I have a 100% working NSRegularExpression method as follows:
NSArray *array = [NSArray arrayWithObjects:@"friday",@"monday",@"saturday",@"sunday", @"thursday",@"tuesday",@"wednesday",nil]; // This array could contain any arbitrary words but they will always be in alphabetical order by the time they get here.
// Use this string to build up the pattern.
NSMutableString *mutablePatternString = [[NSMutableString alloc]initWithString:@"^("];
int firstRound = 0;
for(NSString *word in array) {
if(firstRound == 0) { // this is the first round
firstRound++;
} else { // After the first iteration we need an OR operator first.
[mutablePatternString appendString:[NSString stringWithFormat:@"|"]];
}
[mutablePatternString appendString:[NSString stringWithFormat:@"(%@(\\(.\\)|))",word]];
}
[mutablePatternString appendString:@")\\t.*$"];
// This results in this regex pattern:
// ^((change(\(.\)|))|(friday(\(.\)|))|(monday(\(.\)|))|(saturday(\(.\)|))|(sunday(\(.\)|))|(thursday(\(.\)|))|(tuesday(\(.\)|))|(wednesday(\(.\)|)))\t.*$
NSRegularExpression * regularExpression = [NSRegularExpression regularExpressionWithPattern:mutablePatternString
options:NSRegularExpressionAnchorsMatchLines
error:nil];
int rangeLocation = 0;
int rangeLength = [string length];
NSMutableArray * matches = [NSMutableArray array];
[regularExpression enumerateMatchesInString:string
options:0
range:NSMakeRange(rangeLocation, rangeLength)
usingBlock:^(NSTextCheckingResult *result, NSMatchingFlags flags, BOOL *stop){
[matches addObject:[string substringWithRange:result.range]];
}];
[mutablePatternString release];
// matches array is returned to the caller.
My issue is that given the big text file, it isn't really fast enough on the iPhone. 8 words take 1.3 seconds on an iPhone 4, which is too long for the application. Given the following known factors:
• The 3.2 MB text file has the words to match listed in alphabetical order
• The array of arbitrary words to look up are always in alphabetical order when they get to this method
• Alternate pronunciations start with (2) in parens after the word, not (1)
• If there is no (2) there won't be a (3), (4) or more
• The presence of one alternative pronunciation is rare, occurring maybe 1 time in 8 on average. Further alternate pronunciations are even rarer.

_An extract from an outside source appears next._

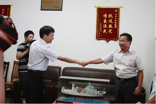 9?9日下午,远赴南沙群岛海域开展渔业资源及生态环境调查的“南锋”号科考船,在返航时抵达三沙市永兴岛,南海水产研究所党委书记、本次科考总指挥刘新中带队登岛访问三沙市。三沙市市委书记、市长肖杰会见了刘新中书记一行,并进行了座谈,就开展三沙渔业资源开发与养护合作等有关事宜交换了意见?/p>

Can this method be optimized, either by improving the regex or some aspect of the Objective-C? I'm assuming that NSRegularExpression is already optimized enough that it isn't going to be worthwhile trying to do it with a different Objective-C library or in C, but if I'm wrong here let me know. Otherwise, very grateful for any suggestions on improving the performance. I am hoping to make this generalized to any pronunciation file so I'm trying to stay away from solutions like calculating the alphabetical ranges ahead of time to do more constrained searches.
****EDIT****
Here are the timings on the iPhone 4 for all of the search-related answers given by August 16th 2012:
dasblinkenlight's create NSDictionary approach https://mcmap.net/q/1669968/-regex-pattern-and-or-nsregularexpression-a-bit-too-slow-searching-over-very-large-file-can-it-be-optimized: 5.259676 seconds
Ωmega's fastest regex at https://mcmap.net/q/1669968/-regex-pattern-and-or-nsregularexpression-a-bit-too-slow-searching-over-very-large-file-can-it-be-optimized: 0.609593 seconds
dasblinkenlight's multiple NSRegularExpression approach at https://mcmap.net/q/1669968/-regex-pattern-and-or-nsregularexpression-a-bit-too-slow-searching-over-very-large-file-can-it-be-optimized: 1.255130 seconds
my first hybrid approach at https://mcmap.net/q/1669968/-regex-pattern-and-or-nsregularexpression-a-bit-too-slow-searching-over-very-large-file-can-it-be-optimized: 0.372215 seconds
my second hybrid approach at https://mcmap.net/q/1669968/-regex-pattern-and-or-nsregularexpression-a-bit-too-slow-searching-over-very-large-file-can-it-be-optimized: 0.337549 seconds
The best time so far is the second version of my answer. I can't mark any of the answers best, since all of the search-related answers informed the approach that I took in my version so they are all very helpful and mine is just based on the others. I learned a lot and my method ended up a quarter of the original time so this was enormously helpful, thank you dasblinkenlight and Ωmega for talking it through with me.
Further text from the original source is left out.